Patient Testimonials

Christine Siegel

Teacher. Age: 57
Diagnosis: Multiple myeloma-induced fracture
“I threw away all of the pain killers. The cancer caused me to fall apart. This procedure put me back together again.” Being diagnosed with multiple myeloma is frightening enough; add compression fractures to the devastating complications of the disease, and Christine Siegel’s life became even more difficult. Over the course of six months, Christine lost six inches of height because of spinal fractures. She was bedridden for over a year and taking narcotics for pain. In May 2003, she underwent Balloon Kyphoplasty to repair four fractures and threw away all of the pain medication.

Chris Kern

Former x-ray technician.
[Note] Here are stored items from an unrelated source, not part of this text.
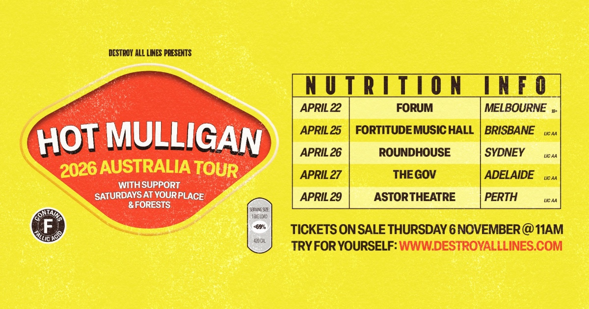 After conquering Australia on their 2024 debut run, Michigan’s post-emo heroes Hot Mulligan will return in 2026 for the Sound A Body Makes When It’s Still Australian Tour. Kicking of in Melbourne on April 22, Hot Mulligan will do a lap around the country delivering their signature blend of raw emotion and high-octane energy to stages across Brisbane, Sydney, Adelaide and Perth.
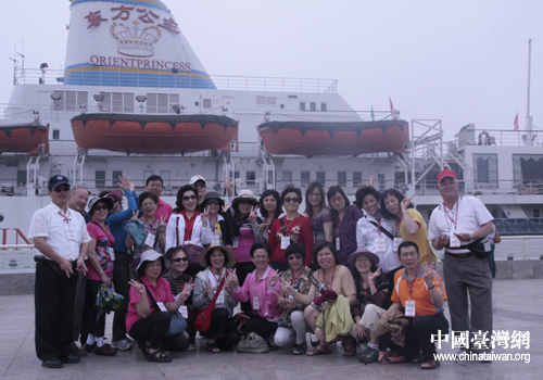 百名台湾基层民众大陆参访团走进天津,图为部分团员外滩合影(中国台湾网 吴捷 摄)
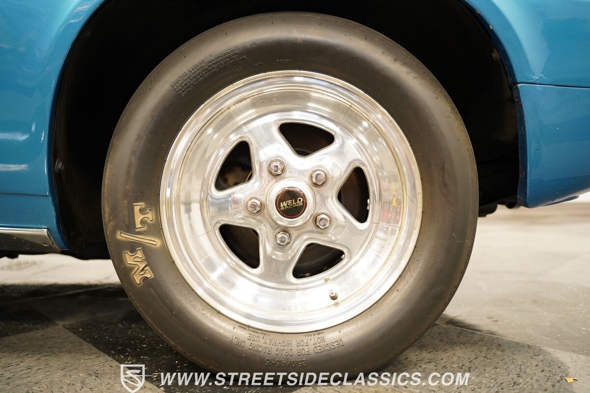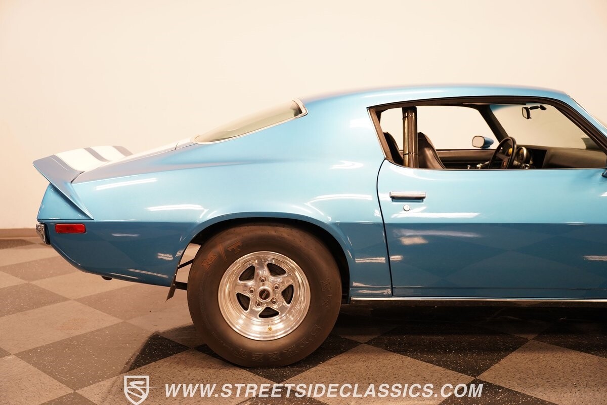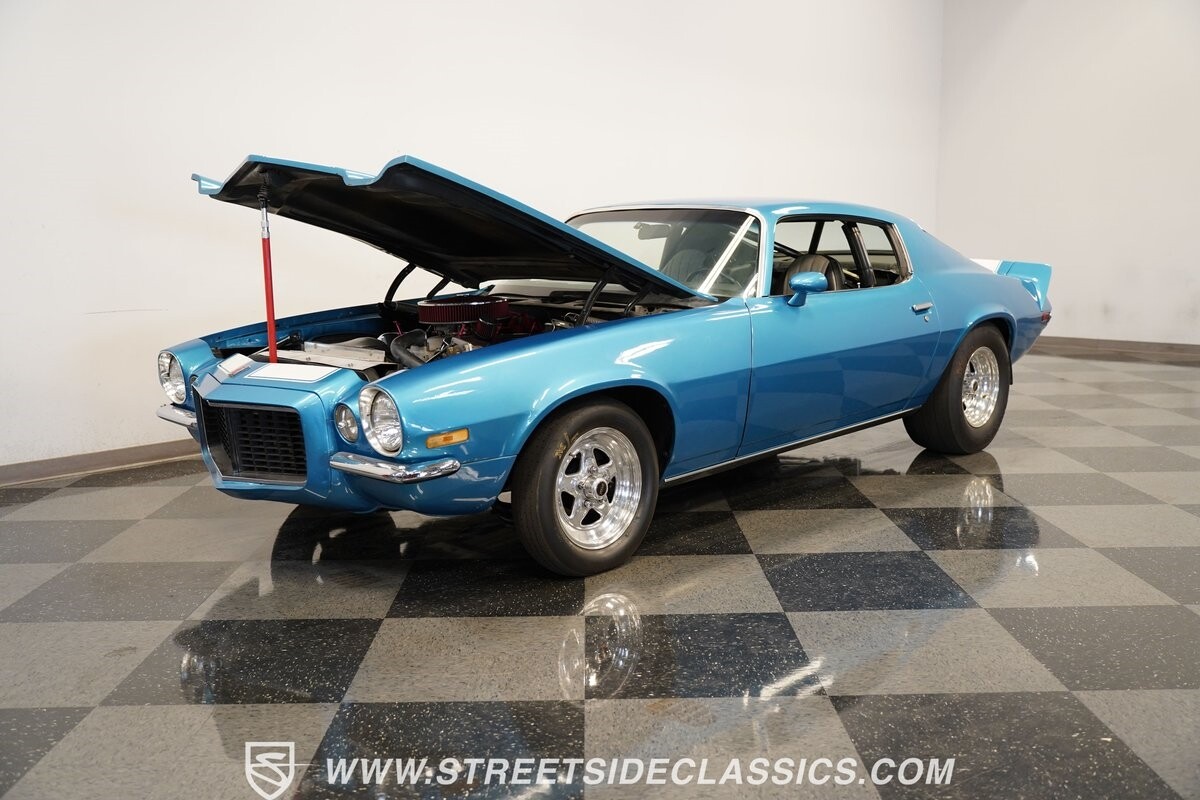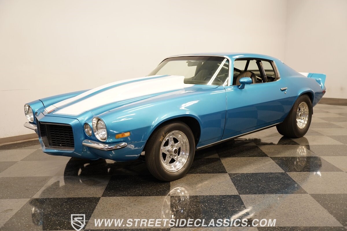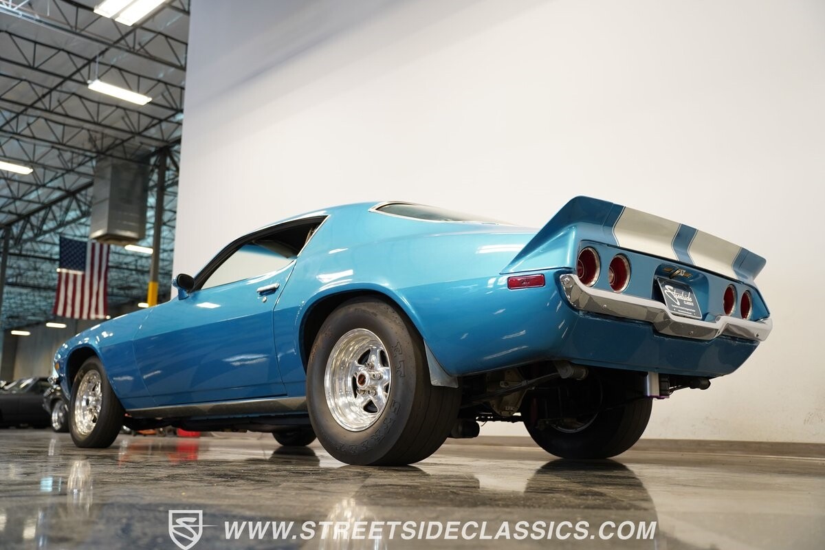 The power of this Camaro is understood in the way you hear it often even before you see it. But this coupe still likes to respect its classic Camaro history with the proper RS-style split-bumper front end, three-piece rear spoiler, and painted Z/28 racing stripes. Even the shade of blue looks correct for 1973. We're not saying that this quarter-mile king is trying to go incognito, but as you look through this full pro street package, it's nice to see the right history mixed in with the street/strip owning attitude. So if you're looking for a competition car with plenty of vintage flair, this is the one. Call today!!!

Age: 84
Diagnosis: Osteoporotic fracture
“The difference in the way I feel is like night and day.”
One night, a few hours after helping her wheelchair-bound roommate to bed, Chris Kern awoke with severe back pain. Over the next four months, she went in and out of the hospital, relying on narcotics to control the pain. Because she couldn’t eat, Chris lost over 30 pounds. Finally, she insisted a back x-ray be taken and reviewed by an orthopaedic surgeon. In August 2003, four compression fractures were found. After having the Balloon Kyphoplasty procedure, Chris has experienced a dramatic improvement in the way she feels.

Joan Schoengold

Retired hospital administrator. Age: 82
Diagnosis: Osteoporotic fracture
“I felt better right away. I’ve been able to keep my independence and go back to taking care of myself. It’s like a miracle.” When you have osteoporosis, falling down can be disastrous. Joan had the flu and fainted walking into the bathroom. “When I woke up, I was in agony and I was scared, because I didn’t know what was causing the pain,” she explains. Joan managed to crawl to the phone to call for help, but the pain was so severe that paramedics gave her morphine before transporting her to the hospital. Following her Balloon Kyphoplasty procedure, Joan says that she felt better right away and has been able to maintain her independence.

Ron Luperine

Retired banker. Age: 62
Diagnosis: Steroid-induced fracture
[I am happy to be] “living fully and getting around again.”
Ron Luperine suffered from a chronic lung ailment. Doctors prescribed corticosteroids, however the medications caused Ron to lose bone mass, a condition called secondary osteoporosis. The resultant spinal fracture was so debilitating that he had an infusion pump implanted to manage the pain. Following treatment with Balloon Kyphoplasty, the pump was removed. Ron is now living fully and getting around again.

Ellen Simpson, M.D.

Retired pediatric cardiologist. Age: 86
Diagnosis: Osteoporotic fracture
“My friends tell me I look 15 years younger!”
Dr. Simpson had already been diagnosed with osteopenia and was undergoing pharmacologic treatment for her condition. She recalls a Thanksgiving Day party in which she spent most of the day sitting hunched over because of back pain. The morning after, the pain made it difficult for her to get out of bed. Two fractures were treated with Balloon Kyphoplasty in January 2003. Now, Dr. Simpson takes delight in her renewed ability to bend and move.

John Carlson

Retired pharmacist. Age: 73
Diagnosis: Osteoporotic fracture
“You could see that the vertebrae went back to normal shape and size. I left the hospital with no limitations on my activities - fabulous!" An active retiree, John Carlson enjoys working on old sports cars and model airplanes. One late night he woke to get a drink of water when, quite unexpectedly, John passed out and fell to the floor. A physical exam revealed vertebral compression fractures, and John was prescribed bed rest and medication to control the pain. “Once I knew I had fractures, I was very careful not to cause any more damage," he says. Reluctant to continue on bed rest, John elected to undergo treatment with Balloon Kyphoplasty. After the procedure, his doctor showed him his x-rays. He could see that the structure of the vertebrae had been restored to normal shape and size. John left the hospital without limitation on his activities.